## Vetle + Seb code

In [None]:
%matplotlib inline

import os
import pandas as pd
import lasio as ls
#import selenium
#import phantomjs
import matplotlib.pyplot as plt
import numpy as np
import sys
import time
import dask.dataframe as dd
import dask.array as da
#import pyarrow.parquet as pq
import fastparquet
from functools import reduce

In [None]:
import hvplot.pandas
import hvplot.dask
from hvplot import hvPlot
import holoviews as hv
from holoviews import opts, streams
from holoviews.plotting.links import DataLink
hv.extension('bokeh', logo=None)
from IPython.display import display, HTML
from bokeh.models.tools import LassoSelectTool, BoxSelectTool  # tools=['hover']
box_select = BoxSelectTool()
lasso_select = LassoSelectTool()
import panel as pn
pn.extension()
from IPython.display import display, HTML

client_secret = "Bw2w*31.CmbIiP.i2EILQ=HN@xr]yeu?"

display(HTML(data="""
<style>
    div#notebook-container    { width: 95%; }
    div#menubar-container     { width: 80%; }
    div#maintoolbar-container { width: 80%; }
</style>
"""))

### Las generator

In [None]:
filepath = '../Documentation/Well log LAS files/WKF W8A LWD VISION RM 0_5m Drilling.LAS'

In [None]:
def las_to_df(filepath):
    las = ls.read(filepath)
    curve_df = las.df()
    curve_df = curve_df.replace(-999.25,np.nan)
    curve_df.reset_index(inplace=True)
    curve_df.rename(columns={curve_df.columns[0]:'Depth'}, inplace=True)
    las.curves[0].mnemonic = 'Depth'
    return curve_df, las

In [None]:
df_realwell, las_realwell = las_to_df(filepath)

In [None]:
# Create new df only containing relevant curves (9) within a start and stop depth:
def get_curves(df, curvenames, start_depth, stop_depth):
    df_new = df.loc[start_depth<=df['Depth']].loc[df['Depth']<stop_depth][curvenames]
    return df_new

In [None]:
all_curves = ['Depth', 'GR_ARC', 'A16H', 'A28H', 'A40H', 'TNPH', 'ROP5_RM', 'RHOB', 'DCAV'] # Relevant curve names for the chosen well

start_depth = df_realwell['Depth'].iloc[0]
end_depth = df_realwell['Depth'].iloc[-1]
step_depth = df_realwell['Depth'].iloc[1] - df_realwell['Depth'].iloc[0]

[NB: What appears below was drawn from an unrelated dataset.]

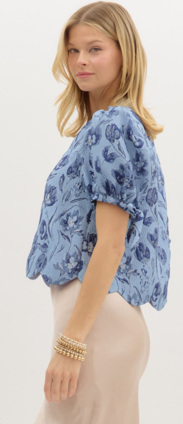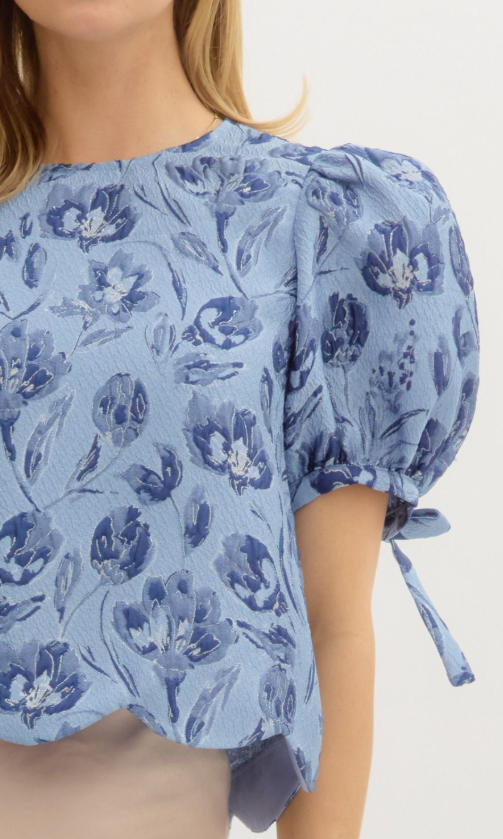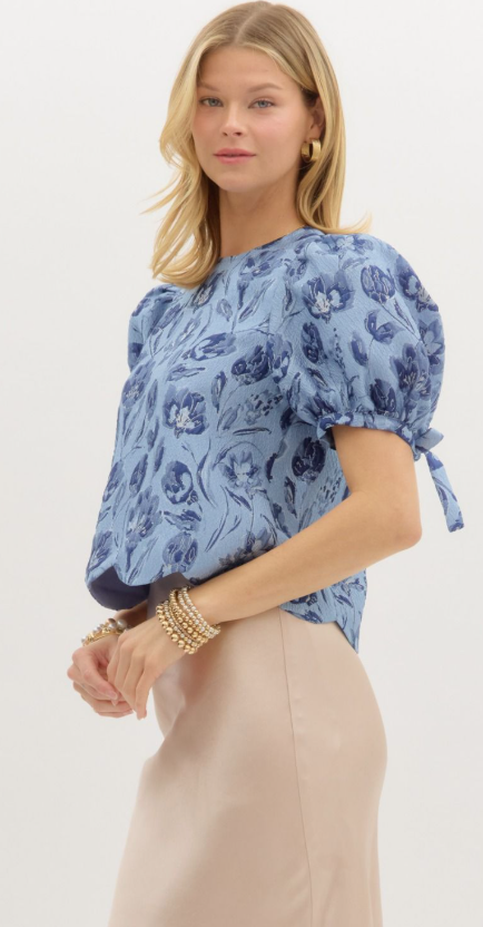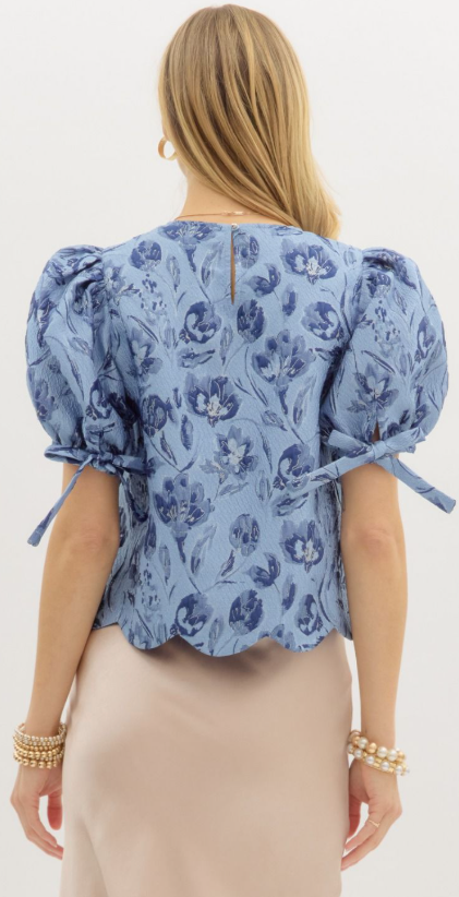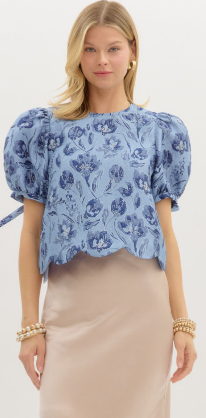 Feminine and refined, this floral jacquard pullover top is a standout piece with delicate texture and thoughtful details. Designed with short puff sleeves and sweet tie closures, it brings a playful touch to a timeless silhouette. A single button keyhole closure at the back adds elegance, while the scallop hem offers a soft, romantic finish. Crafted from lightweight, woven fabric, this unlined, non-sheer top is perfect for pairing with skirts, denim, or tailored shorts for a polished yet effortless look.

df_curves = get_curves(df_realwell, all_curves, start_depth, end_depth) # New df containing specific curves and start and stop depths

#### Set input parameters

In [None]:
Number_of_files = int(input("Number of files to generate: "))
depth_start = int(input("Depth reading start: "))
depth_end = int(input("Depth reading end: "))
depth_step = float(input("number of recordings per meter : ")) # 1=1 per m, 0.5=2 per m, 12= every 12 m
wellname = input('name of wells: ')
filename = input('name of files: ')

In [None]:
len_data = len(np.arange(depth_start, depth_end, depth_step))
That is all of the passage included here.